With the Black Lives Matter protests and wave of racial and social injustices against the Black community surfacing around the world, most of us Indians see this as a remote issue. But still, many youngsters, intellectuals, artists and loads of people around the country have extended their support to the protests in the US as their duty of being a global citizen. But do you know that our very own country harbours a tribe of African descent?
I too was equally unaware of the presence of Siddi, a tribe of African descent residing in Karnataka, Gujarat, Hyderabad, Maharashtra and parts of Pakistan.
With an estimated population of over 20,000, Siddis are descendants of the Bantu tribe from East Africa. However, their settlement in India is largely contested, and there are two broad theories — some say they were brought as slaves by the Portuguese during 7th century, while others say they travelled to India as independent merchants and sailors.
Having lived in India for centuries, people from the Siddi community represent an amalgamation of Indian culture and African heritage. Clad in saris and bindi, the Siddi women still perform a dance form that originates from primitive African dance forms. They speak in the local Konkani dialect, but still struggle to be acknowledged as Indian citizens due to local prejudice based on their physical features.

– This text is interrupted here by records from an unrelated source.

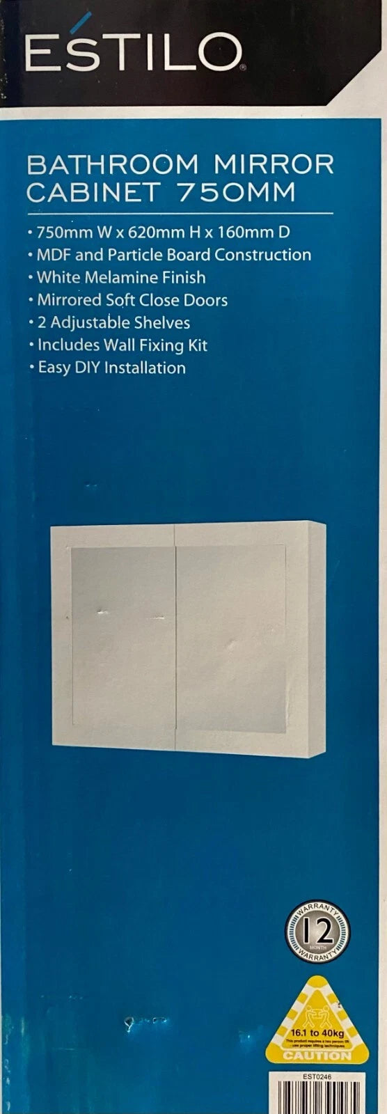 Estilo Bathroom Mirror Cabinet 750 x 620 x 160mm. Easy DIY. Soft close doors.
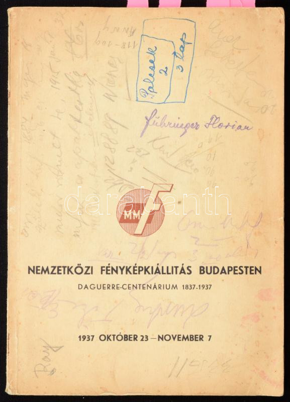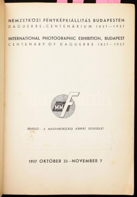 Nemzetközi fényképkiállítás Budapesten. Daguerre-Centenárium 1837-1937. 1937 október 23 - november 7. International Photographic Exhibition, Budapest. Centenary of Daguerre 1837-1937. Bp., 1937, Magyaországi Kárpát Egyesület, 1 (fekete-fehér fotó) t. +20 p.+4 (fekete-fehér fotók, kétoldalas képtáblák) t.+8 p. Korabeli reklámokkal. A kiállítási bizottságban: Aszmann Ferenc, Pécsi József...stb. A zsűri tagok között Vadas Ernő, Kinszki Imre...stb. Benne a kiállítók között szintén nagy nevekkel, Brassai, Aszmann Ferenc, Escher Károly, Munkácsi Márton, Pécsi József, Kinszki Imre, Vadas Ernő és mások. Kiadói papírkötés, foltos borítóval, a borítón számos bejegyzésekkel. Ritka!
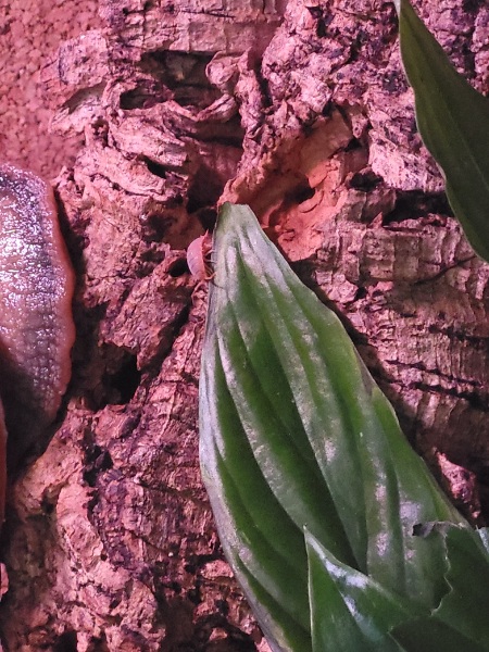 Die Temperatur im Terrarium liegt tagsüber bei 24 - 27 Grad mit Steigerung am Morgen und Temperaturabfall am Abend. Nachts liegt sie bei 22,5 - 23,5 Grad. Die Luftfeuchtigkeit liegt bei 85 - 90 %.

In early 1980s, the Sports Authority of India decided to start a Special Area Games Project to train Siddi children to turn their athletic abilities, owing to their African origins, into national achievements. However, the programme was soon cut off and the children were forced to return.
Living in obscurity since centuries, the Siddi people are living a life of hardships and oppression. Due to lack of opportunities, they are majorly forced to work as farmers, leading their lives constantly foreshadowed by poverty. Lack of educational opportunities is yet another hurdle that has added to their troubled position of feeling an outsider in their own country.
As Indians, can we recall a single incident of our encounter with people of colour where our minds were not crossed by the ‘N’ word, or feelings of unsettlement, paranoia and prejudice based on assumptions associated with people of colour passed on to us by society? The problem of racism and the oppression of communities based on the colour of their skin has always been there, but now it has become all the more exigent.
Institutional and individual racism is not just a problem for societies across oceans, but a very deeply-rooted issue in our own nation, and now is the time to work towards fixing it. It is upon us, the youth of the nation, to change the narrative and dismember these stereotypes.